#### [YOUR OBJECTIVE]
In the material below, begin at the line that has "Above: Bongoût pattern", stop after the line that has "SK32-2.8210\P08 Łącznik krzywkowy", and transcribe those lines exactly, without pictures.

[EXTRACTED MATERIAL — start]

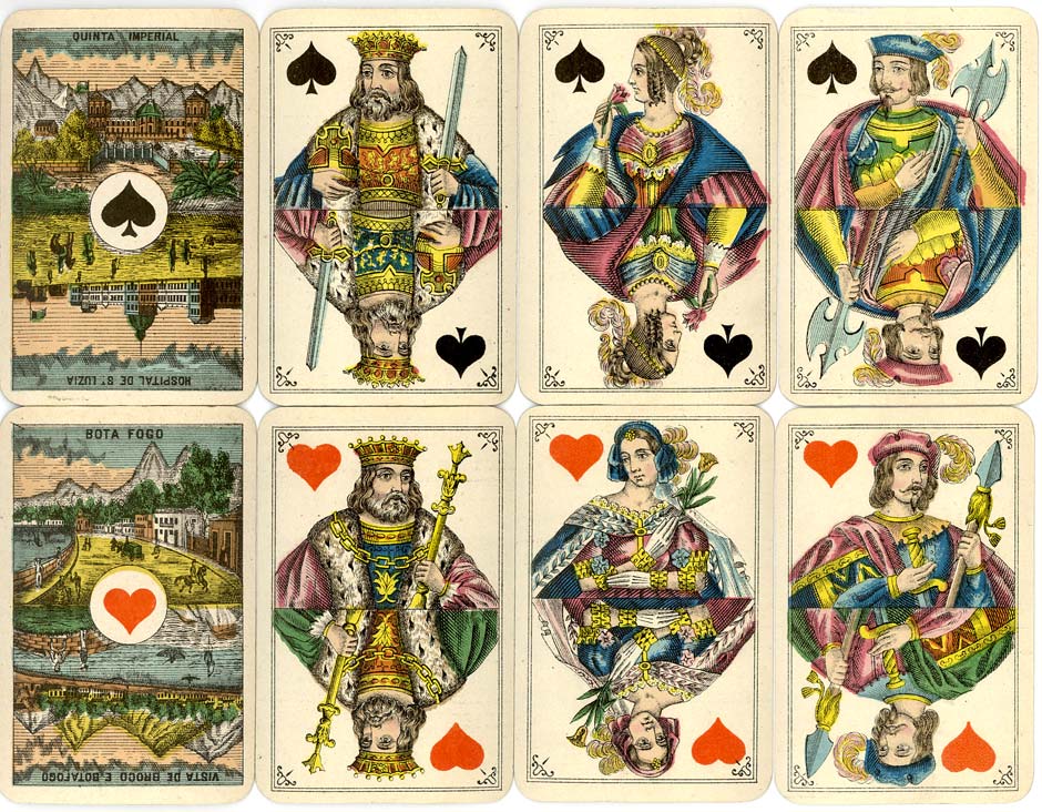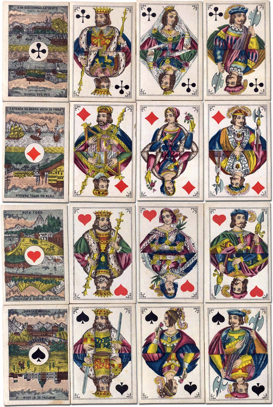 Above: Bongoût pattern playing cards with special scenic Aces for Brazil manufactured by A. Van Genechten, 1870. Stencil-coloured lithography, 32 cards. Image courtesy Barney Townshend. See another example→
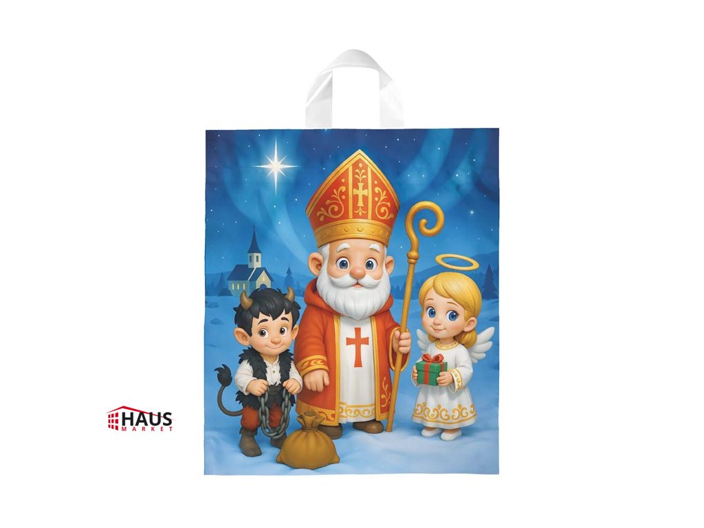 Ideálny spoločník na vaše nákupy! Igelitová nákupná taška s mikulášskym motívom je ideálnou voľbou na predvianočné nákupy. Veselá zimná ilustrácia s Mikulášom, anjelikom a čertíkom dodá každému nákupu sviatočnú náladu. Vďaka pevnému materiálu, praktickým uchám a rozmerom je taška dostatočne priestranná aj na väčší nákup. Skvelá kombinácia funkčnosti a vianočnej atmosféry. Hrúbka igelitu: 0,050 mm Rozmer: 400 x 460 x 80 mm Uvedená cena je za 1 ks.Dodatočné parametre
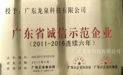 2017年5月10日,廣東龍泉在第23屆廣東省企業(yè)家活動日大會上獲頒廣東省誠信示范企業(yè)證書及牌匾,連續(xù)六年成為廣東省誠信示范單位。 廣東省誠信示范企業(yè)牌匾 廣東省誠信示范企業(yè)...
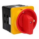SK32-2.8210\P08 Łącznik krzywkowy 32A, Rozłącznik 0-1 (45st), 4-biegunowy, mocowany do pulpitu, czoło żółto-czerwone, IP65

[EXTRACTED MATERIAL — finish]
[EXTRACTED MATERIAL — start]

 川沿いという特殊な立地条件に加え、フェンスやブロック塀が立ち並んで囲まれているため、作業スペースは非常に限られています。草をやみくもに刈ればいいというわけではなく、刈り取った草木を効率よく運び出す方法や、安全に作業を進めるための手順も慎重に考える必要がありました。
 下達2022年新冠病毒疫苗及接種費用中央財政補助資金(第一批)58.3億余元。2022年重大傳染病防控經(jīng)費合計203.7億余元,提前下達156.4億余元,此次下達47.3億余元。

[EXTRACTED MATERIAL — finish]

#### [ANSWER BOX]
 Above: Bongoût pattern playing cards with special scenic Aces for Brazil manufactured by A. Van Genechten, 1870. Stencil-coloured lithography, 32 cards. Image courtesy Barney Townshend. See another example→
 Ideálny spoločník na vaše nákupy! Igelitová nákupná taška s mikulášskym motívom je ideálnou voľbou na predvianočné nákupy. Veselá zimná ilustrácia s Mikulášom, anjelikom a čertíkom dodá každému nákupu sviatočnú náladu. Vďaka pevnému materiálu, praktickým uchám a rozmerom je taška dostatočne priestranná aj na väčší nákup. Skvelá kombinácia funkčnosti a vianočnej atmosféry. Hrúbka igelitu: 0,050 mm Rozmer: 400 x 460 x 80 mm Uvedená cena je za 1 ks.Dodatočné parametre
 2017年5月10日,廣東龍泉在第23屆廣東省企業(yè)家活動日大會上獲頒廣東省誠信示范企業(yè)證書及牌匾,連續(xù)六年成為廣東省誠信示范單位。 廣東省誠信示范企業(yè)牌匾 廣東省誠信示范企業(yè)...
SK32-2.8210\P08 Łącznik krzywkowy 32A, Rozłącznik 0-1 (45st), 4-biegunowy, mocowany do pulpitu, czoło żółto-czerwone, IP65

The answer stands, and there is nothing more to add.